[Provided material — start]

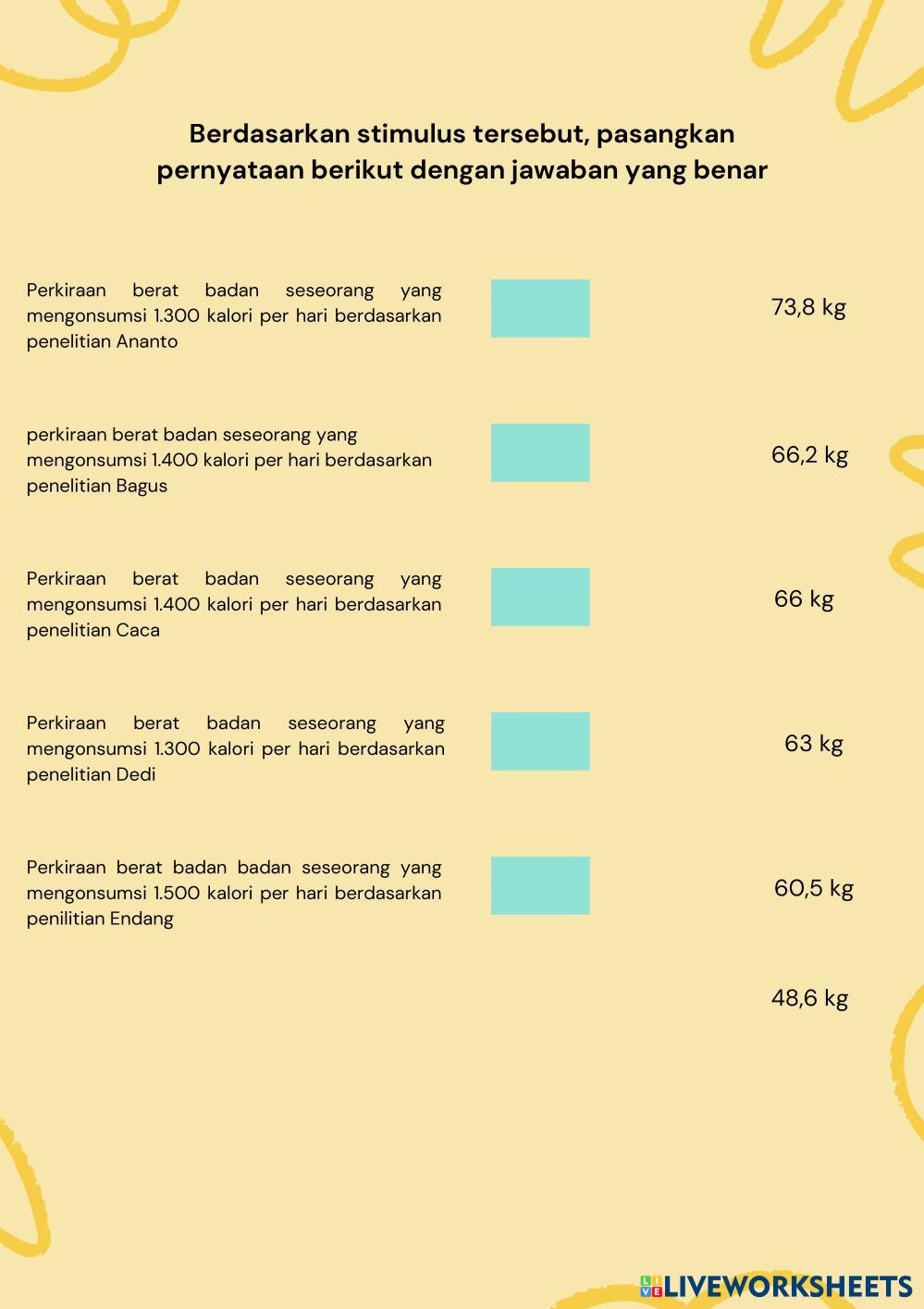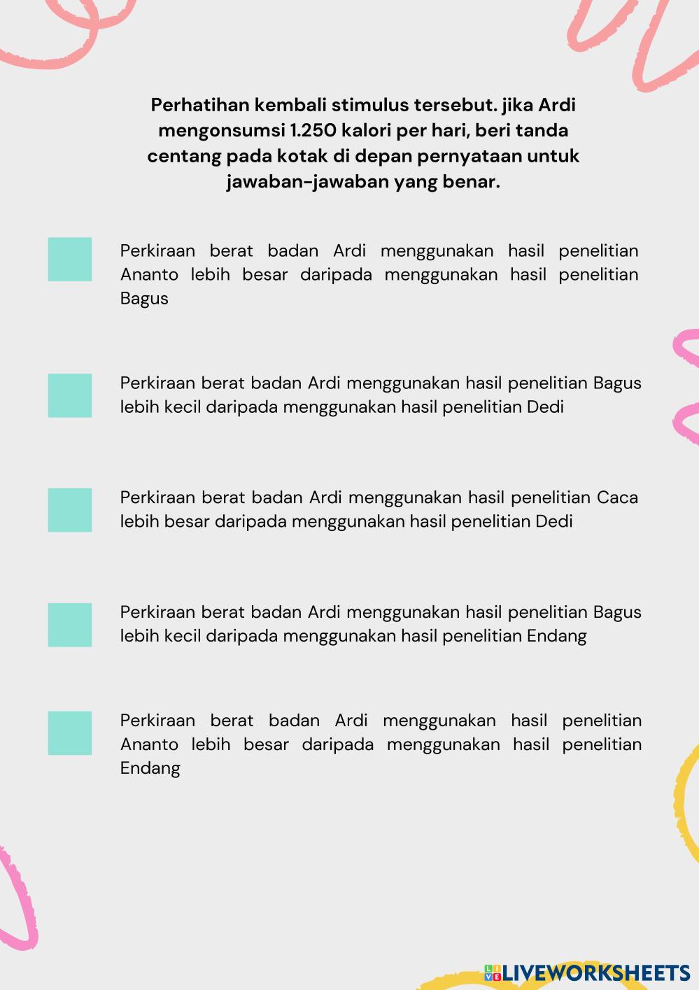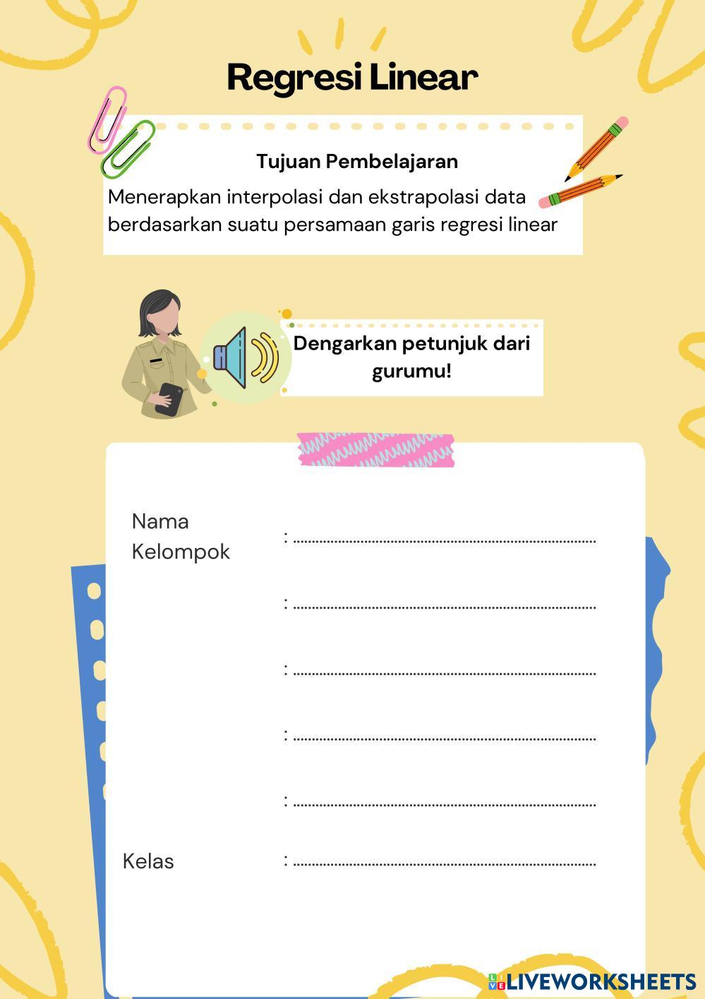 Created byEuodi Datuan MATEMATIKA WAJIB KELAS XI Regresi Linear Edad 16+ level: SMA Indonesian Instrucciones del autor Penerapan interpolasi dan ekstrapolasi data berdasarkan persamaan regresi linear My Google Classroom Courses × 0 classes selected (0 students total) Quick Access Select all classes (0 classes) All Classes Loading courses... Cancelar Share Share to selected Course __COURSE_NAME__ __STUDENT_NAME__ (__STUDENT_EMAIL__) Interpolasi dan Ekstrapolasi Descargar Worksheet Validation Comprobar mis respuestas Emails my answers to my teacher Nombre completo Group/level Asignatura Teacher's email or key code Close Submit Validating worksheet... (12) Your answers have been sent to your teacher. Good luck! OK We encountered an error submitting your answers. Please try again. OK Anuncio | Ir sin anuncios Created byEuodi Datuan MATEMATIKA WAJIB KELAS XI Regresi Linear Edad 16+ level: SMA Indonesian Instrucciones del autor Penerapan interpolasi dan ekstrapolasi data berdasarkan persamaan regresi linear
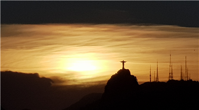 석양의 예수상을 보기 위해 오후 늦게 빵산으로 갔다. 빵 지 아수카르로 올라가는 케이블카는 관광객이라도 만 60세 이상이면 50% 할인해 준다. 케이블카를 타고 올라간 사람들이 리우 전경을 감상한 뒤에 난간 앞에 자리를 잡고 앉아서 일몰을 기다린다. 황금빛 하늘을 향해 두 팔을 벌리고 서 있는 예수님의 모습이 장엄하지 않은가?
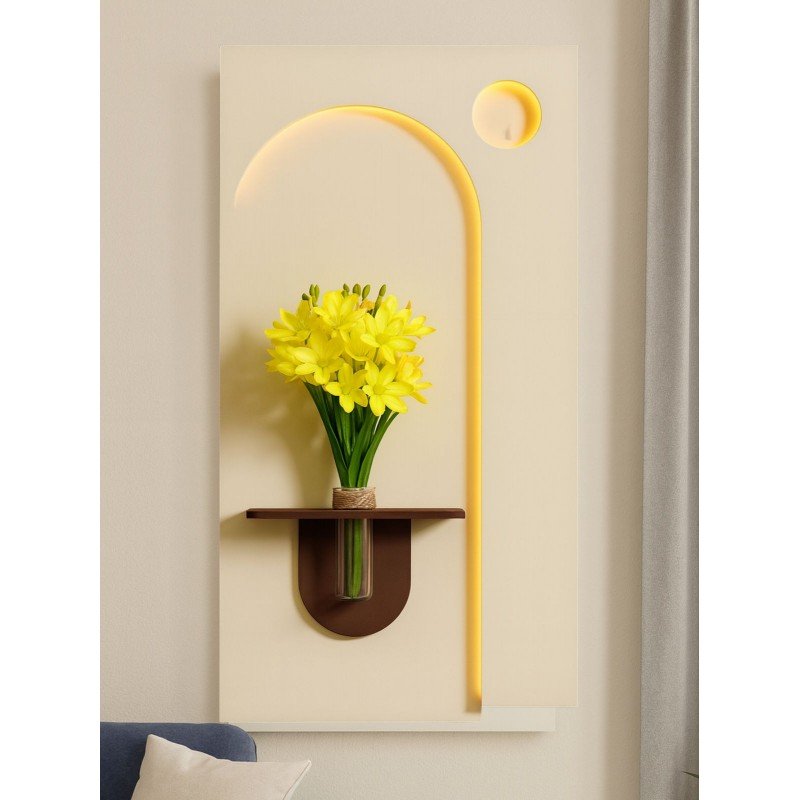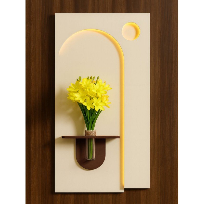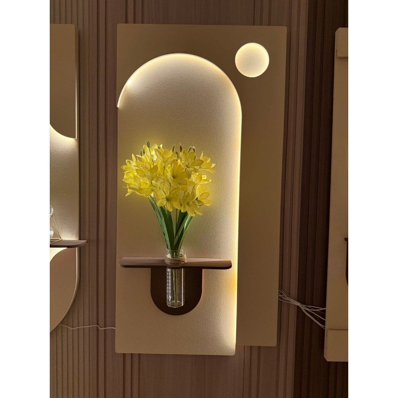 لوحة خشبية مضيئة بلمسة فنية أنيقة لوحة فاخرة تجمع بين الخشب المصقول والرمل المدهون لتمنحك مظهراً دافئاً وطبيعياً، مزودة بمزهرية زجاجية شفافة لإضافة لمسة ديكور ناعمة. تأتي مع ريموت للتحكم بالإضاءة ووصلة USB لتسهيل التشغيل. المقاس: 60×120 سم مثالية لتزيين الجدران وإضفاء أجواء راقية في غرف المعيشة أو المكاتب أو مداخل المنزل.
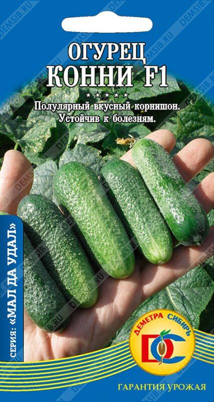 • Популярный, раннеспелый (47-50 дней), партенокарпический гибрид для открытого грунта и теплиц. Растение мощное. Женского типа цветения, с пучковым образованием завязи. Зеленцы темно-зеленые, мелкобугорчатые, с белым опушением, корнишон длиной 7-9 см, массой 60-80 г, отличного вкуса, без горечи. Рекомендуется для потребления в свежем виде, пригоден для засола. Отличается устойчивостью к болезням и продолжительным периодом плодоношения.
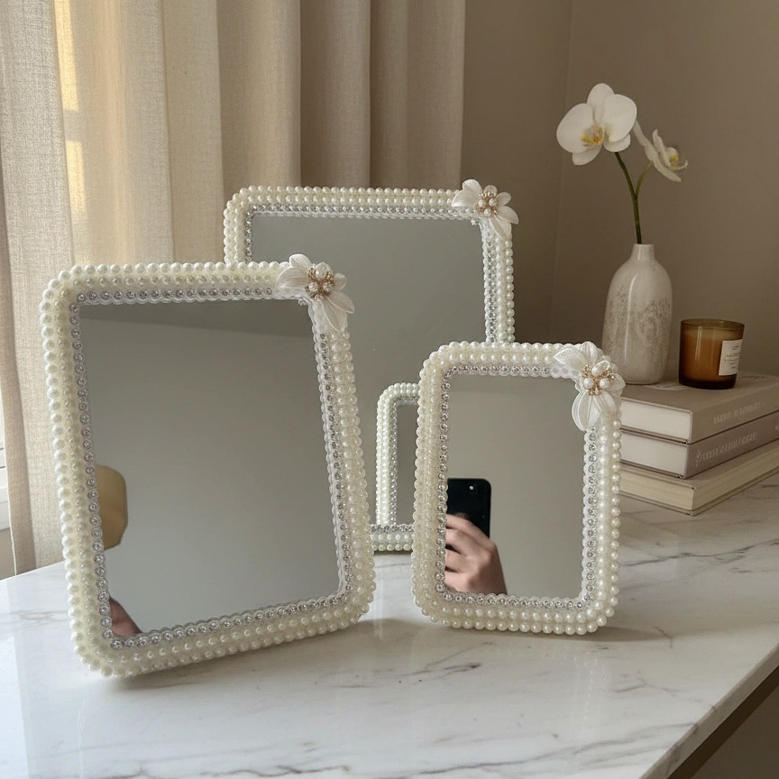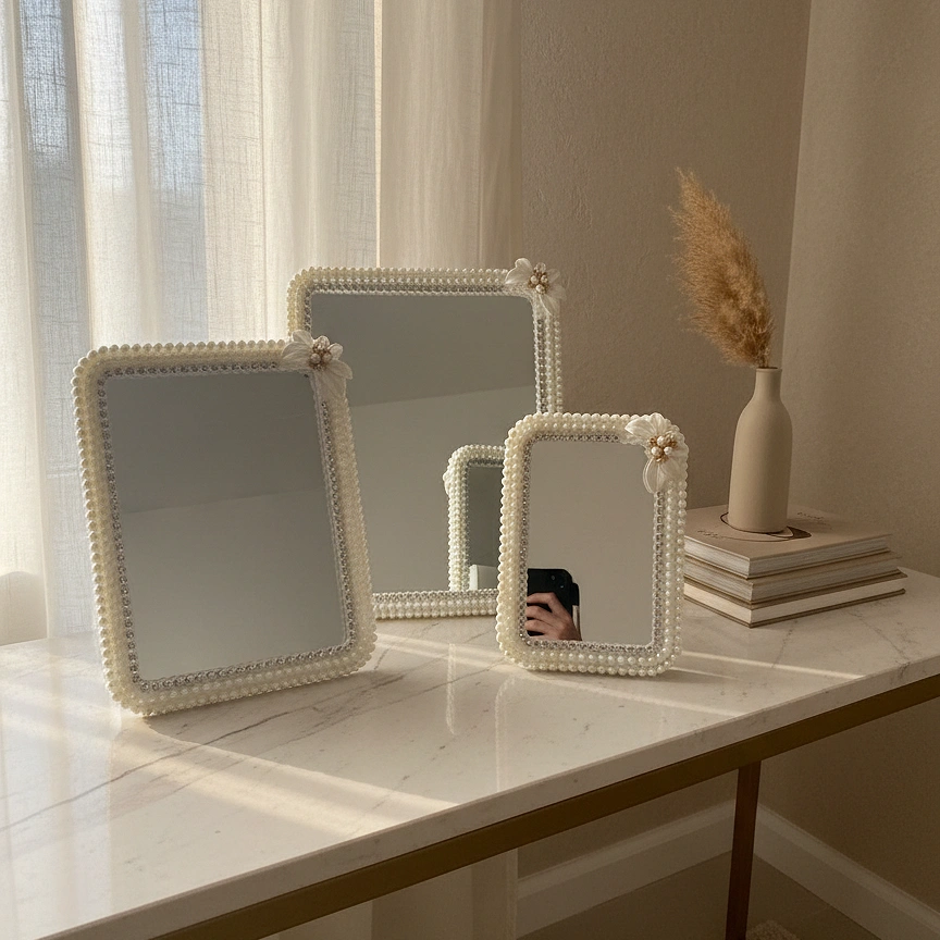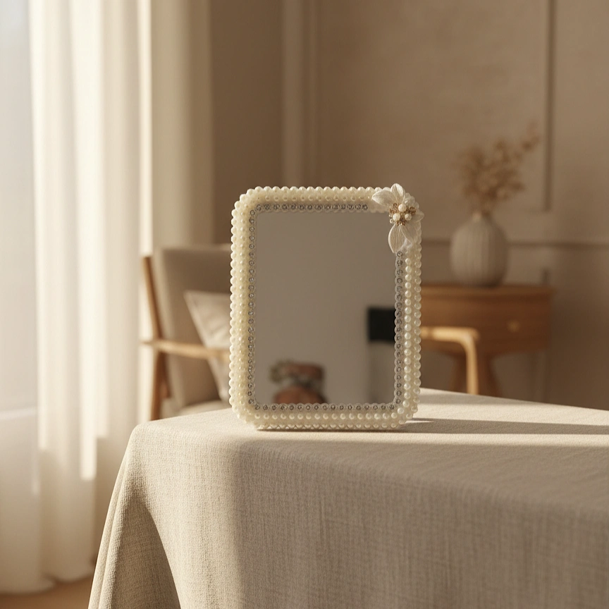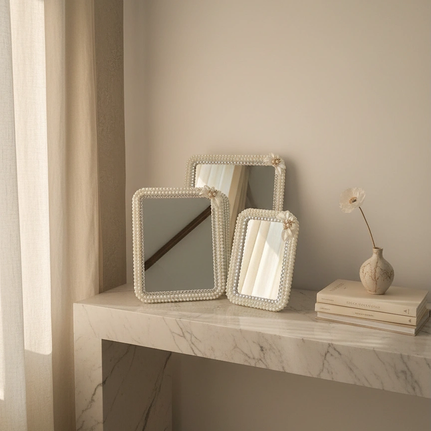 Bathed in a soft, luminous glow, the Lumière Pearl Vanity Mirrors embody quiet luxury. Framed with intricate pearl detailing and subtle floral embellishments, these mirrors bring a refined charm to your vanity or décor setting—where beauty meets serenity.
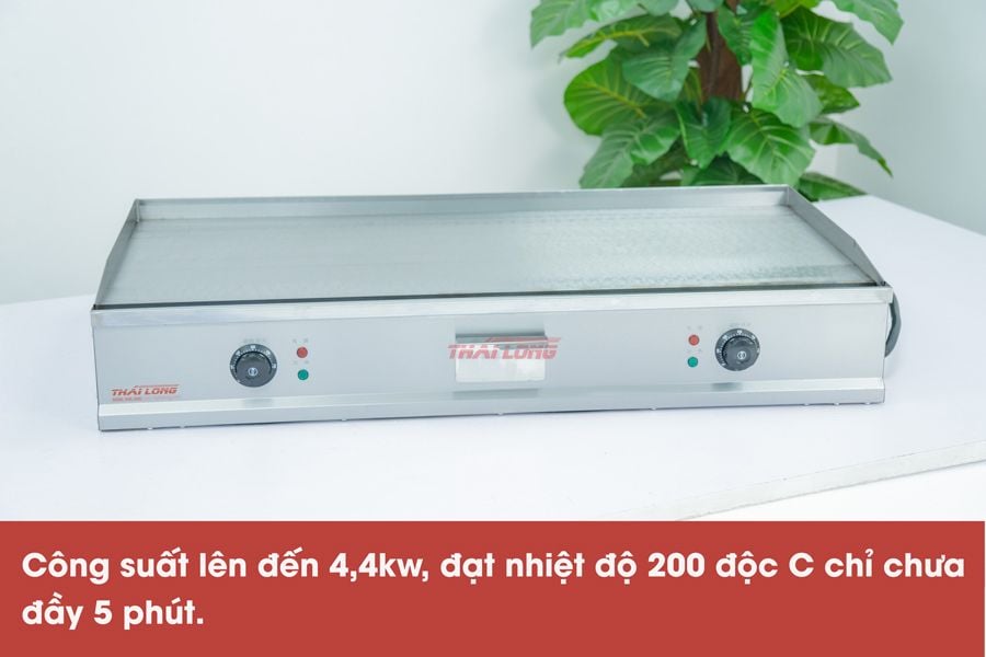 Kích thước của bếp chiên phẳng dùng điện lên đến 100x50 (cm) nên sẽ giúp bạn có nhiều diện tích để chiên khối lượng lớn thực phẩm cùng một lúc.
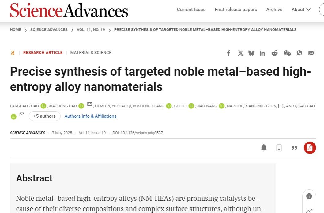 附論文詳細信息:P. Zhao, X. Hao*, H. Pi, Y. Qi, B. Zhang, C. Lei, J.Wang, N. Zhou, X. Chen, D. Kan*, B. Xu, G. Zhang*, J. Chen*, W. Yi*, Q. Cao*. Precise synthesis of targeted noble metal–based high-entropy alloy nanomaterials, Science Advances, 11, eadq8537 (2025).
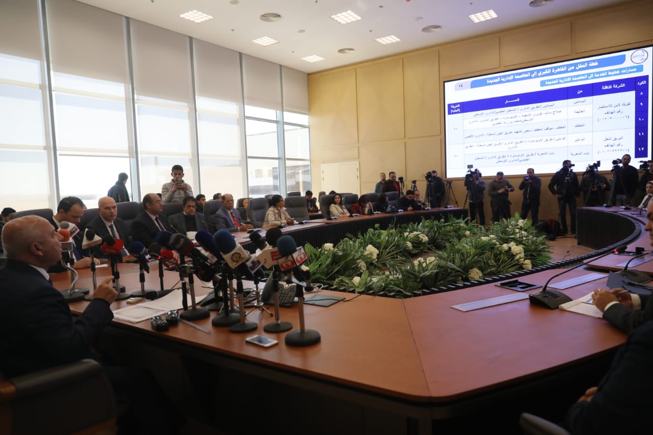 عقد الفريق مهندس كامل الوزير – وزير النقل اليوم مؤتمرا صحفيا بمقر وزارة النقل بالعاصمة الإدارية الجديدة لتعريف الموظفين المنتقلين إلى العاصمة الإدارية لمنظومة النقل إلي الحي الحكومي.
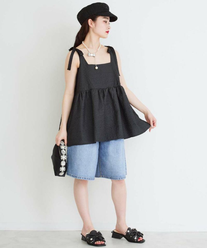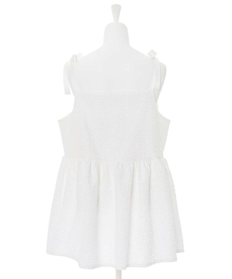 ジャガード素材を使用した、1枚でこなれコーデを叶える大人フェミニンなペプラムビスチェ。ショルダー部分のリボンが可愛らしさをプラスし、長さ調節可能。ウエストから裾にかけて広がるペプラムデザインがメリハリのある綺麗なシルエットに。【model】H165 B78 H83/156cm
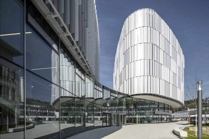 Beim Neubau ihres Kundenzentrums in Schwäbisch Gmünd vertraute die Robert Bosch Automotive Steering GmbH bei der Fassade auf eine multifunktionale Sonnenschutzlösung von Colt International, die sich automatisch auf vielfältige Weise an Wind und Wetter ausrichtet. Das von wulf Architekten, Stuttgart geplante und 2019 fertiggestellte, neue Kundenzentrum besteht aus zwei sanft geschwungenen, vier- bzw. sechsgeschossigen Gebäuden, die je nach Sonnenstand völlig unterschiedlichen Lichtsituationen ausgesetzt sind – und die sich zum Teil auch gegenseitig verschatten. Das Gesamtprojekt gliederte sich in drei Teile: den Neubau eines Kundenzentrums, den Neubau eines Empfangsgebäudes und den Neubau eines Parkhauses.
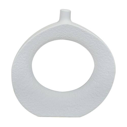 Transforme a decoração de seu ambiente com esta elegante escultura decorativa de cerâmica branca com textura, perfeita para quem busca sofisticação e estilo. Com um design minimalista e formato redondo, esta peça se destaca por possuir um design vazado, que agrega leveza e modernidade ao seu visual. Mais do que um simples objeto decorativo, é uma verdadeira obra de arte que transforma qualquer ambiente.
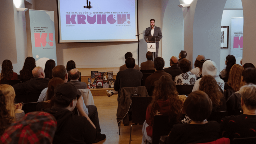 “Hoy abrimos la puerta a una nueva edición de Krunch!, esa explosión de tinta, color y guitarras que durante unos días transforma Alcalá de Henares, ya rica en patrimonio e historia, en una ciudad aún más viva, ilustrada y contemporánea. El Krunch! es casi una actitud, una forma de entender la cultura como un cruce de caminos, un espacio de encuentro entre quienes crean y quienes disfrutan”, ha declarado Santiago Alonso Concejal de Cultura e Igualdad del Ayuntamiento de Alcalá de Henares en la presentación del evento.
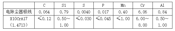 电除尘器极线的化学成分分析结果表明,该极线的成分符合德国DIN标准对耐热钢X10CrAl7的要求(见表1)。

[Provided material — finish]

- **Work to complete**
Please repeat every line of the material above exactly and without its pictures.

- **Exercise solution**
 Created byEuodi Datuan MATEMATIKA WAJIB KELAS XI Regresi Linear Edad 16+ level: SMA Indonesian Instrucciones del autor Penerapan interpolasi dan ekstrapolasi data berdasarkan persamaan regresi linear My Google Classroom Courses × 0 classes selected (0 students total) Quick Access Select all classes (0 classes) All Classes Loading courses... Cancelar Share Share to selected Course __COURSE_NAME__ __STUDENT_NAME__ (__STUDENT_EMAIL__) Interpolasi dan Ekstrapolasi Descargar Worksheet Validation Comprobar mis respuestas Emails my answers to my teacher Nombre completo Group/level Asignatura Teacher's email or key code Close Submit Validating worksheet... (12) Your answers have been sent to your teacher. Good luck! OK We encountered an error submitting your answers. Please try again. OK Anuncio | Ir sin anuncios Created byEuodi Datuan MATEMATIKA WAJIB KELAS XI Regresi Linear Edad 16+ level: SMA Indonesian Instrucciones del autor Penerapan interpolasi dan ekstrapolasi data berdasarkan persamaan regresi linear
 석양의 예수상을 보기 위해 오후 늦게 빵산으로 갔다. 빵 지 아수카르로 올라가는 케이블카는 관광객이라도 만 60세 이상이면 50% 할인해 준다. 케이블카를 타고 올라간 사람들이 리우 전경을 감상한 뒤에 난간 앞에 자리를 잡고 앉아서 일몰을 기다린다. 황금빛 하늘을 향해 두 팔을 벌리고 서 있는 예수님의 모습이 장엄하지 않은가?
 لوحة خشبية مضيئة بلمسة فنية أنيقة لوحة فاخرة تجمع بين الخشب المصقول والرمل المدهون لتمنحك مظهراً دافئاً وطبيعياً، مزودة بمزهرية زجاجية شفافة لإضافة لمسة ديكور ناعمة. تأتي مع ريموت للتحكم بالإضاءة ووصلة USB لتسهيل التشغيل. المقاس: 60×120 سم مثالية لتزيين الجدران وإضفاء أجواء راقية في غرف المعيشة أو المكاتب أو مداخل المنزل.
 • Популярный, раннеспелый (47-50 дней), партенокарпический гибрид для открытого грунта и теплиц. Растение мощное. Женского типа цветения, с пучковым образованием завязи. Зеленцы темно-зеленые, мелкобугорчатые, с белым опушением, корнишон длиной 7-9 см, массой 60-80 г, отличного вкуса, без горечи. Рекомендуется для потребления в свежем виде, пригоден для засола. Отличается устойчивостью к болезням и продолжительным периодом плодоношения.
 Bathed in a soft, luminous glow, the Lumière Pearl Vanity Mirrors embody quiet luxury. Framed with intricate pearl detailing and subtle floral embellishments, these mirrors bring a refined charm to your vanity or décor setting—where beauty meets serenity.
 Kích thước của bếp chiên phẳng dùng điện lên đến 100x50 (cm) nên sẽ giúp bạn có nhiều diện tích để chiên khối lượng lớn thực phẩm cùng một lúc.
 附論文詳細信息:P. Zhao, X. Hao*, H. Pi, Y. Qi, B. Zhang, C. Lei, J.Wang, N. Zhou, X. Chen, D. Kan*, B. Xu, G. Zhang*, J. Chen*, W. Yi*, Q. Cao*. Precise synthesis of targeted noble metal–based high-entropy alloy nanomaterials, Science Advances, 11, eadq8537 (2025).
 عقد الفريق مهندس كامل الوزير – وزير النقل اليوم مؤتمرا صحفيا بمقر وزارة النقل بالعاصمة الإدارية الجديدة لتعريف الموظفين المنتقلين إلى العاصمة الإدارية لمنظومة النقل إلي الحي الحكومي.
 ジャガード素材を使用した、1枚でこなれコーデを叶える大人フェミニンなペプラムビスチェ。ショルダー部分のリボンが可愛らしさをプラスし、長さ調節可能。ウエストから裾にかけて広がるペプラムデザインがメリハリのある綺麗なシルエットに。【model】H165 B78 H83/156cm
 Beim Neubau ihres Kundenzentrums in Schwäbisch Gmünd vertraute die Robert Bosch Automotive Steering GmbH bei der Fassade auf eine multifunktionale Sonnenschutzlösung von Colt International, die sich automatisch auf vielfältige Weise an Wind und Wetter ausrichtet. Das von wulf Architekten, Stuttgart geplante und 2019 fertiggestellte, neue Kundenzentrum besteht aus zwei sanft geschwungenen, vier- bzw. sechsgeschossigen Gebäuden, die je nach Sonnenstand völlig unterschiedlichen Lichtsituationen ausgesetzt sind – und die sich zum Teil auch gegenseitig verschatten. Das Gesamtprojekt gliederte sich in drei Teile: den Neubau eines Kundenzentrums, den Neubau eines Empfangsgebäudes und den Neubau eines Parkhauses.
 Transforme a decoração de seu ambiente com esta elegante escultura decorativa de cerâmica branca com textura, perfeita para quem busca sofisticação e estilo. Com um design minimalista e formato redondo, esta peça se destaca por possuir um design vazado, que agrega leveza e modernidade ao seu visual. Mais do que um simples objeto decorativo, é uma verdadeira obra de arte que transforma qualquer ambiente.
 “Hoy abrimos la puerta a una nueva edición de Krunch!, esa explosión de tinta, color y guitarras que durante unos días transforma Alcalá de Henares, ya rica en patrimonio e historia, en una ciudad aún más viva, ilustrada y contemporánea. El Krunch! es casi una actitud, una forma de entender la cultura como un cruce de caminos, un espacio de encuentro entre quienes crean y quienes disfrutan”, ha declarado Santiago Alonso Concejal de Cultura e Igualdad del Ayuntamiento de Alcalá de Henares en la presentación del evento.
 电除尘器极线的化学成分分析结果表明,该极线的成分符合德国DIN标准对耐热钢X10CrAl7的要求(见表1)。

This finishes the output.